** COLLECTED MATERIAL follows **

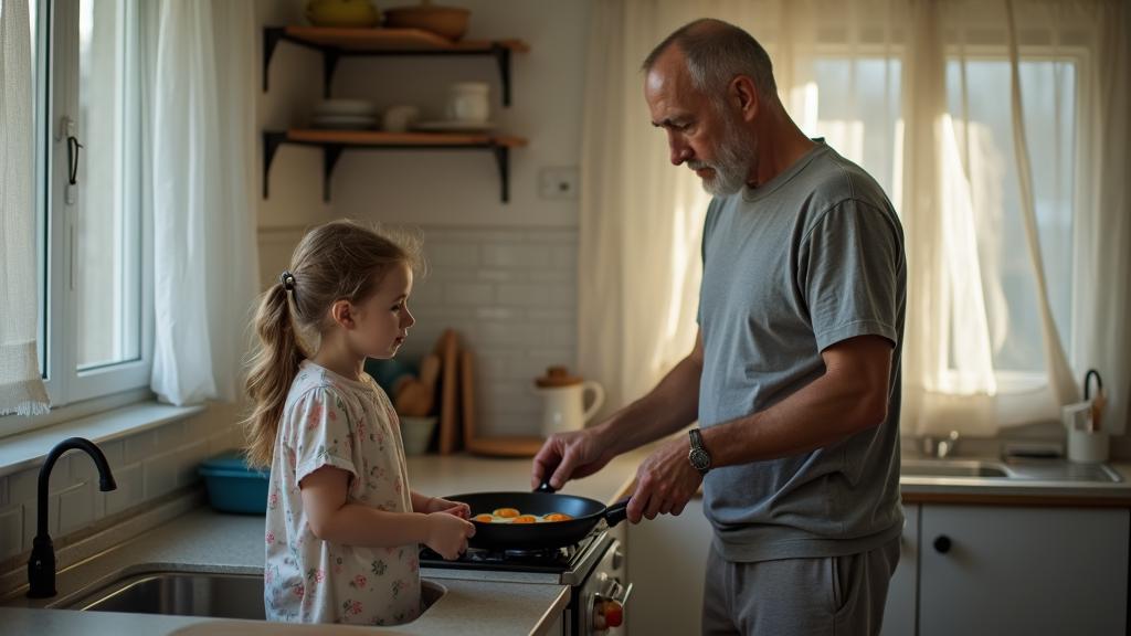Мартовский ветер трепал занавески на кухне, пока я готовил завтрак. Привычное утро воскресенья — яичница, тосты, какао для Сони. Моя десятилетняя дочь всегда просыпалась раньше меня по выходным, и я часто заставал её сидящей у окна с альбомом для рисования. Но в это утро что-то было не так.
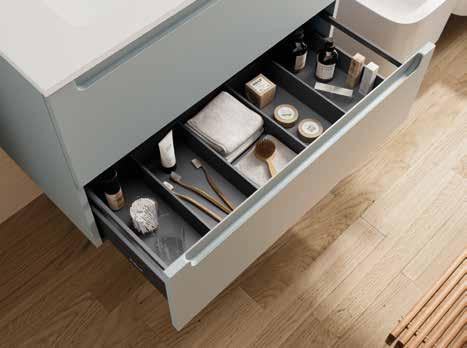 Wall-hung unit with 2 metallic drawers full extension, Onix interior with soft close. Drawer organizer included with 2 removable trays. Handles are not included.
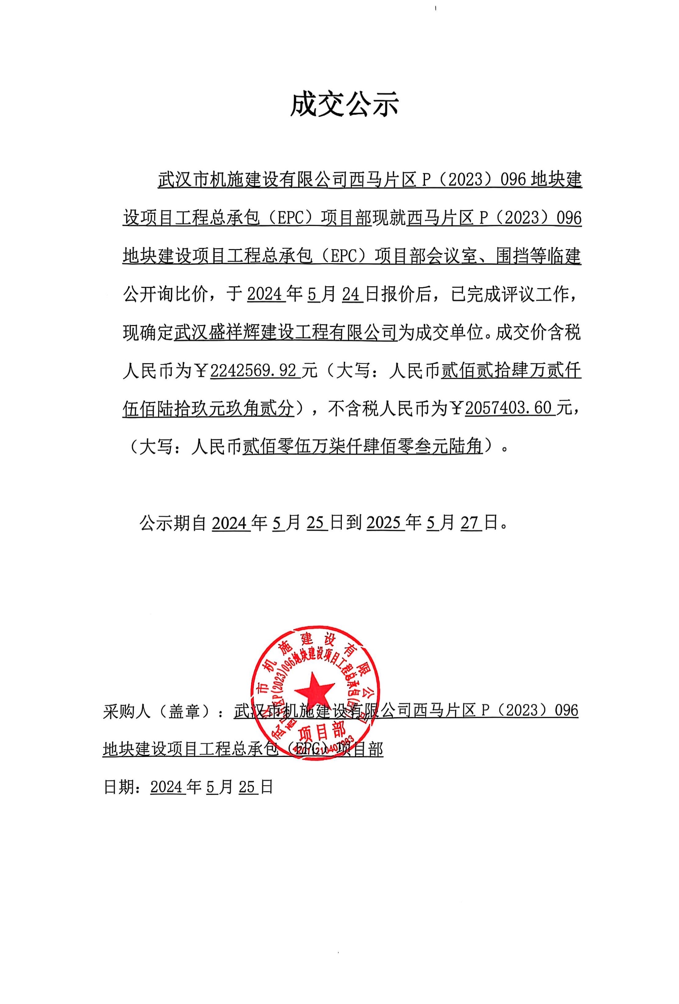 武漢市機(jī)施建設(shè)有限公司西馬片區(qū) P(2023)096 地塊建設(shè)項(xiàng)目工程總承包(EPC)項(xiàng)目部會議室、圍擋等臨建成交公示

** End of COLLECTED MATERIAL **

EXERCISE DIRECTIONS:
Return an exact transcription of the material, with its pictures left out.

ANSWER SPACE:
Мартовский ветер трепал занавески на кухне, пока я готовил завтрак. Привычное утро воскресенья — яичница, тосты, какао для Сони. Моя десятилетняя дочь всегда просыпалась раньше меня по выходным, и я часто заставал её сидящей у окна с альбомом для рисования. Но в это утро что-то было не так.
 Wall-hung unit with 2 metallic drawers full extension, Onix interior with soft close. Drawer organizer included with 2 removable trays. Handles are not included.
 武漢市機(jī)施建設(shè)有限公司西馬片區(qū) P(2023)096 地塊建設(shè)項(xiàng)目工程總承包(EPC)項(xiàng)目部會議室、圍擋等臨建成交公示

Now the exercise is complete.